Golden State voters also approved Proposition 39, a deceptively marketed initiative that would increase taxes on businesses headquartered out of state. With no effective opposition campaign, Prop. 39 won by a commanding margin—more than 60 percent of voters approved. Prop. 39 even narrowly prevailed in the conservative bastion of Orange County. The $1-billion-a-year bounty that the measure promises may help Governor Brown come budget time, but it only adds to the burdens of conducting commerce in the nation’s largest economy—recently ranked 48th in the nation for its business-tax climate by the Tax Foundation. Prop. 39 will also help the green-energy zealots who financed it. They stand to take half of the revenue haul from the initiative for the first five years of its implementation to underwrite a “Clean Energy Jobs Creation Fund.”
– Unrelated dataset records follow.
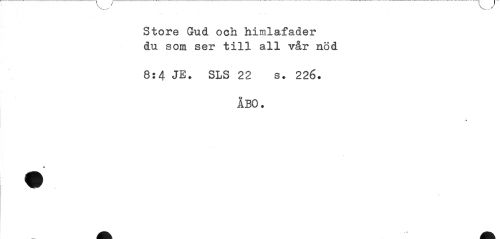 //// Store Gud och himlafader du som ser till all vår nöd //// 8:4 JE. SLS 22 s. 226. //// ÅBO. //// » //// « ////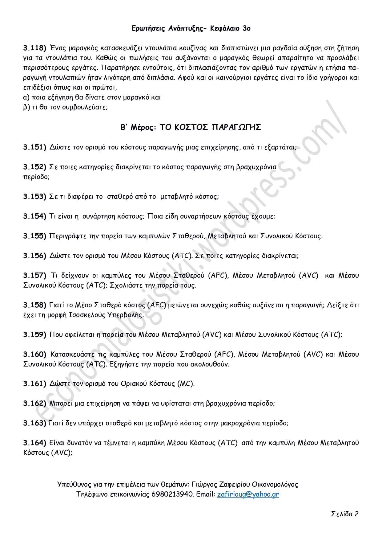 Η αρίθμηση ξεκινά από το νούμερο 101 όπως όλες οι ερωτήσεις ανάπτυξης, ενώ προηγείται ο αριθμός 3 δηλωτικός του κεφαλαίου. Στο συγκεκριμένο κεφάλαιο μόνο, όσες ερωτήσεις αφορούν το Β Μέρος (Κόστος Παραγωγής) ξεκινάνε από τον αριθμό 151. Έτσι η ερώτηση 3.107 είναι ερώτηση ανάπτυξης Νο 7 από το Α’ μέρος Παραγωγή από το κεφάλαιο 3, ενώ η ερώτηση 3.156 είναι ερώτηση ανάπτυξης Νο 6 από το Β’ μέρος Κόστος Παραγωγής από το κεφάλαιο 3
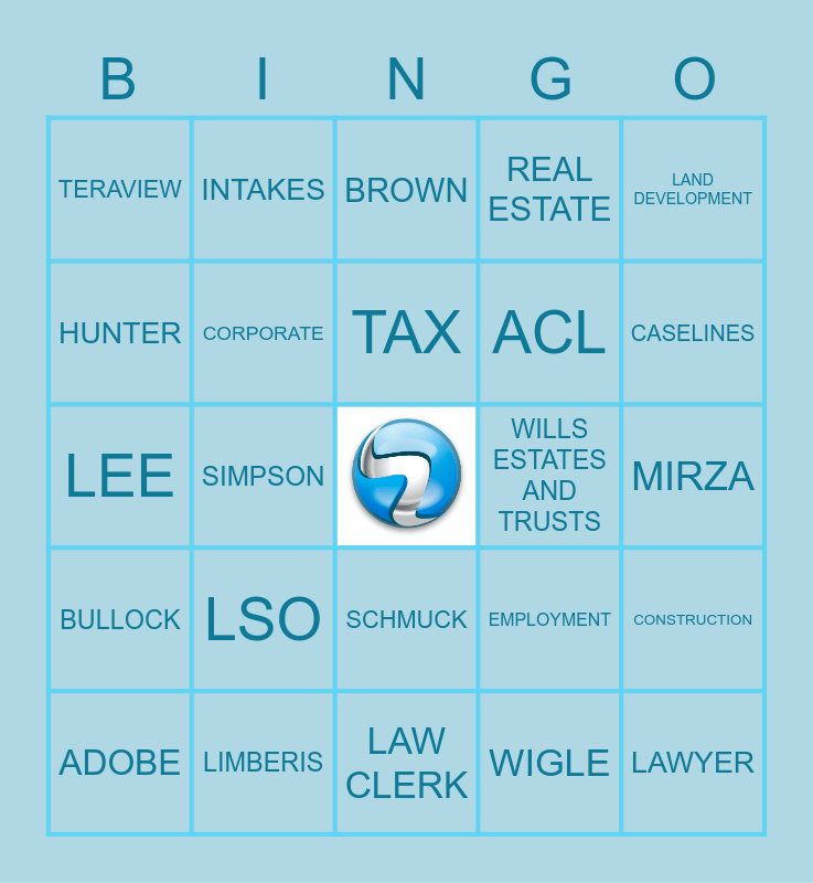 This bingo card has a free space and 47 words: LAW, LAWYER, LEGAL ASSISTANT, LAW CLERK, LSO, ARTICLING, INTAKES, GHOSTPRACTICE, HUNTER, SKYVIEW, CORPORATE, REAL ESTATE, CONSTRUCTION, EMPLOYMENT, IMMIGRATION, INSOLVENCY, TAX, WILLS ESTATES AND TRUSTS, CONDOMINIUM, LAND DEVELOPMENT, SIMPSON, WIGLE, TERAVIEW, ACL, UNITY, CASELINES, ADOBE, MICROSOFT, SCHMUCK, BULLOCK, FISHER, OSBORNE, DURDAN, FOREMAN, HAMDANI, LIMBERIS, MIRZA, MONACO, NEIL, OLSIAK, RAMACIERI, BROWN, LEE, NALSOK, ROSENBLATT, SARSH and SAVAS.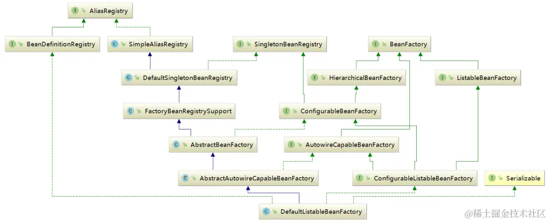 从上面的类图中,我们可以清晰地从全局角度了解DefaultListableBeanFactory的脉络。接下来先了解一下上面类图中各个类的作用。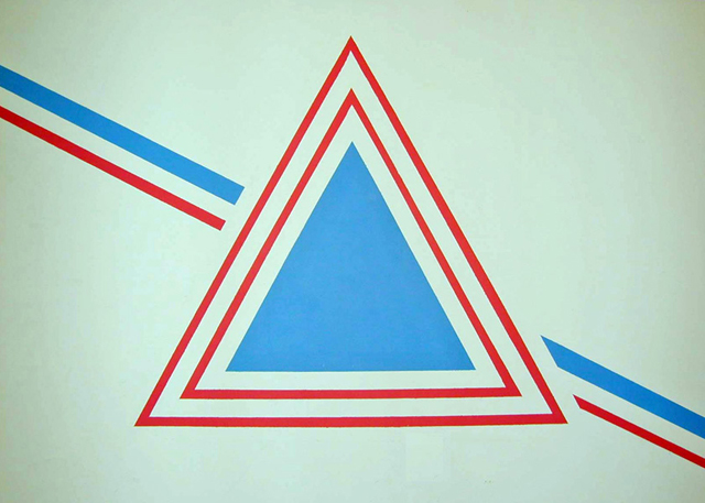 The wall was painted Federal Slate (a light blue), and it would still be another year before I took the moniker “Silver Blue”. The width between each triangle, and the diagonal stripe is 2″ — the width of the largest masking tape I had in the house. The top blue line is 2″ wide, the bottom red line is 1″ wide, and the red triangles are 1″ wide as well.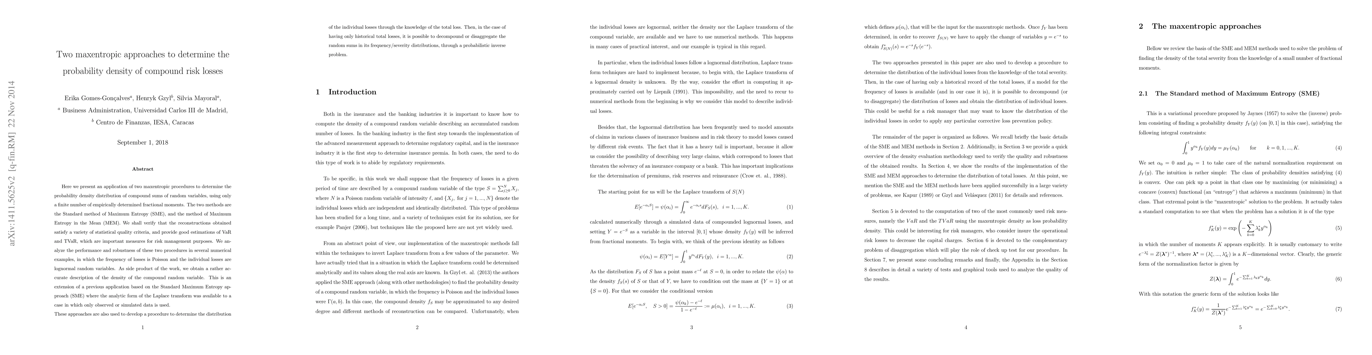 Here we present an application of two maxentropic procedures to determine the probability density distribution of compound sums of random variables, using only a finite number of empirically determined fractional moments. The two methods are the Standard method of Maximum Entropy (SME), and the method of Maximum Entropy in the Mean (MEM). We shall verify that the reconstructions obtained satisfy a variety of statistical quality criteria, and provide good estimations of VaR and TVaR, which are important measures for risk management purposes. We analyze the performance and robustness of these two procedures in several numerical examples, in which the frequency of losses is Poisson and the individual losses are lognormal random variables. As side product of the work, we obtain a rather accurate description of the density of the compound random variable. This is an extension of a previous application based on the Standard Maximum Entropy approach (SME) where the analytic form of the Laplace transform was available to a case in which only observed or simulated data is used. These approaches are also used to develop a procedure to determine the distribution of the individual losses through the knowledge of the total loss. Then, in the case of having only historical total losses, it is possible to decompound or disaggregate the random sums in its frequency/severity distributions, through a probabilistic inverse problem.

For all of their ill effects, however, high taxes and an unfriendly economic environment are only the symptoms of California’s underlying disease: a political system dominated by public-sector unions. The fight over Proposition 32—which sought to unravel that power by preventing unions from using member dues for political spending without workers’ consent—was perhaps the most heated battle of this election cycle. Unlike past efforts to get the state’s voters to approve paycheck protection (1998’s Proposition 226 and 2005’s Proposition 75, both of which were defeated), Prop. 32 attempted to cultivate wider support through equal-opportunity ox-goring. It extended the paycheck-protection provisions to corporations as well as unions—a somewhat superficial gesture, as few corporations rely on paycheck deductions for political spending. It proposed outlawing union and corporate contributions to state and local candidates. And it would have kept government contractors from donating to politicians who could award them contracts. In the end, none of that mattered.

Prop. 32 failed, receiving less than 44 percent of the vote. While it’s an oversimplification to look at the performance of ballot measures purely as a function of campaign spending, the initiative’s defeat underlines its proponents’ concerns. An avalanche of union money financed the opposition campaign to Prop. 32, outpacing the pro-reform effort by $14.6 million. The state’s most powerful special interest—the California Teachers Association—single-handedly chipped in about $22 million. Bringing that kind of money to bear is markedly easier when you have, as in the case of the CTA, 325,000 members coerced into underwriting your campaign expenditures. As long as that practice endures, expect big labor to continue its impressive run of victories in Golden State politics.

In October, a supermajority of California voters said the state was in serious trouble. In November, they voted to embrace an unsustainable status quo—high taxes, unlimited union power, and economic sclerosis. They have only themselves to blame for what’s to come.